Genetically Modified Cell Therapy for the Reduction of Lung Injury

Lead Research Organisation: University College London
Department Name: Medicine

Abstract

Chronic lung diseases are extremely common. Many lung diseases cause destruction of the gas exchange surface of the lung (the lung parenchyma) making patients progressively breathless until they reach respiratory failure and die. Current medical interventions are failing these patients, leading to a search for new treatments.

It appears that the lung not only uses resident cells to affect repair after damage, but also recruits circulating cells from the bone marrow. We believe these cells may be used to deliver genetic therapies into the injured lung parenchyma. We have two major goals:
1. To determine which bone marrow cells are responsible for lung repair.
2. To use gene therapy to make our chosen population of bone marrow cells produce a growth factor, enhancing lung repair.

We believe the combined expertise of scientists and clinicians at the Centre for Respiratory Disease (UCL) and the Cellular and Gene therapy Unit (Institute of Child Health, UCL) will lead to novel treatments for a wide range of debilitating diseases including emphysema and lung fibrosis.

Technical Summary

Many common diseases of the gas exchange surface of the lung (the parenchyma) have no specific treatment but result in significant morbidity and mortality. Idiopathic Pulmonary Fibrosis (IPF) is characterized by alveolar epithelial cell injury, interstitial inflammation, fibroblast proliferation and collagen accumulation within the lung parenchyma. It has been recently discovered that post injury the lung not only uses resident cells but also recruits circulating bone marrow-derived cells (BMDC). However the source of these cells and the mechanism by which repair occurs is unknown. Keratinocyte Growth Factor (KGF) is a critical factor stimulating epithelial proliferation during lung repair. This proposal aims to examine the role of BMDCs in repairing acute parenchymal lung injury. We hypothesise that targeted therapy for lung injury could be performed based on the recruitment of a modified population of BMDCs that promote epithelial repair. We have three key objectives:
1. To determine the efficiency and time course of conditional lentiviral KGF expression in different BMDC populations.
2. To determine which sub-populations of BMDCs transduced with a conditional lentivirus expressing KGF increase type II pneumocyte proliferation in vitro and in vivo.
3. To determine whether the intra-tracheal or systemic delivery of bone marrow cell sub-populations over-expressing KGF can improve lung repair after injury.

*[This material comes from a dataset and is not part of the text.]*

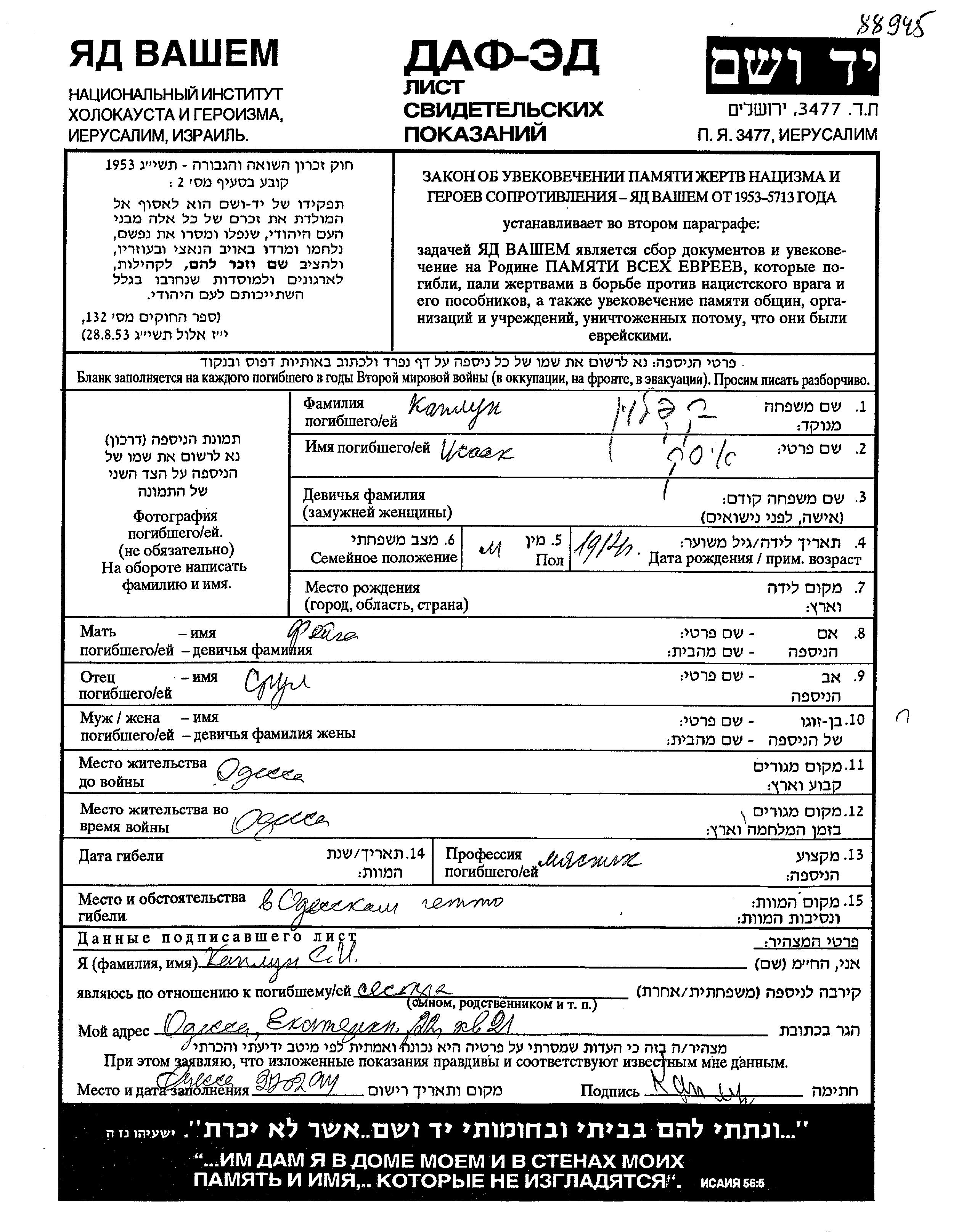 Каплун Исаак 1914 Одесса, Украина (СССР) Лист свидетельских показаний

In preliminary data we show that haematopoietic stem cell transplants can deliver KGF to injured lung parenchyma resulting in type II pneumocyte proliferation and attenuation of bleomycin induced lung fibrosis. I wish to further characterise this effect and determine whether a sub-population of daughter cells could be used to the same effect without the necessity for bone marrow transplantation enabling a clinically useful therapy.

We will use established flow cytometry and cell culture techniques to culture haematopoietic stem cells, mesenchymal stem cells and macrophages and then transduce them with a tetracycline controlled lentivirus expressing KGF. I will then use transduced cells activated with doxycycline in vitro to examine type II pneumocyte mitogenic response. The cell sub-populations will then be systemically delivered, or in the case of macrophages both systemically and intra-tracheally, both with and without bleomycin-induced lung damage. Effects on type II cell proliferation and attenuation of lung damage will be assessed by lung morphology, inflammation and collagen load (hydroxyproline content).

We believe our proposal may lead to a completely novel cell based therapy and a new means of delivering gene therapy to the lung, improving the treatment of currently intractable diseases.